Amy Shields

Personal information
- Full name: Amy Shields
- Born: March 7, 1990 (age 35) Ann Arbor, Michigan, United States of America

Team information
- Discipline: Unicycle
- Role: Rider

= Amy Shields =

American unicyclist (born 1990)

Amy Shields (born March 7, 1990) is an American freestyle unicyclists. She holds five world unicycling titles and in her home continent she holds over 15 North American titles since 2001.

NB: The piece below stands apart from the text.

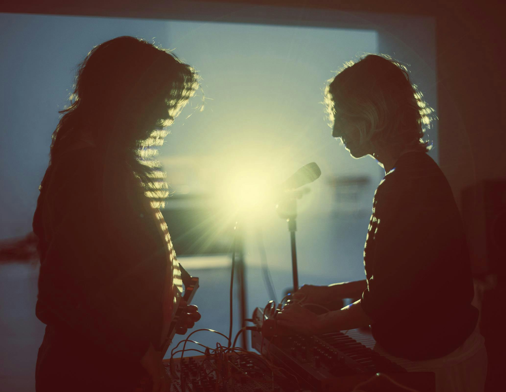 The sonic field is an endless grid of possibilities. Using electronic instruments makes the options even more limitless. The record collection on the shelves in our living room reflects some of the beacons that illuminated our way. It's stacked with art rock heroes, new wave romantics, r&b thumpers, and radio pop. (It might be said that we are fairly poor imitators, moving around in the dark and inventing weird new shapes.) We divided the tasks of making the album between us pretty much according the differences in how we dream at night. Khaela dreams about people and conversations and juxtaposed feelings: she wrote the lyrics and melodies and many of the compositions. Melissa dreams of being a beam of light bouncing off a Ferrari; anything that gave the songs dimension (arrangement, engineering, synth programming, sample perfecting, half of the composing) was done by her. A lot of the sounds that we used in the album are samples of acoustic instruments that we processed back into electronic elements. We produced this album ourselves in and around New York City, and we would travel around with our portable rig, sampling performances from friends and acquaintances, running our sounds through other people’s gear like taking it to an audio spa. What we didn't have we borrowed or found, what we didn't know how to do we learned. Making this album was an odyssey of experimentation. These songs trace the arc of our somersault into the unknown, holding hands, going backwards through the air, watching to see where we land.

In 2002 Shieldz defied all odds at the 13th MONDO Jugglefest in St. Paul, Minnesota, where she attained the Guinness World Record for jump roping on a unicycle with an unprecedented 209 skips in one minute.
In 2004, in the 12th unicycling world championship, she became world champion in pairs freestyle (with Ryan Woessner) and in female individual freestyle. In 2006, she again became world champion pairs freestyle with Woessner, and she finished in third place individual freestyle.

Shields was the eighth person in the world to pass all ten levels of the International Unicycling Federation.

Besides being a world-renowned unicyclist, Shields also is a member of the St. Paul Figure Skating Club, where she has passed both her Senior Moves and Freeskate portions of the United States Figure Skating Association testing program.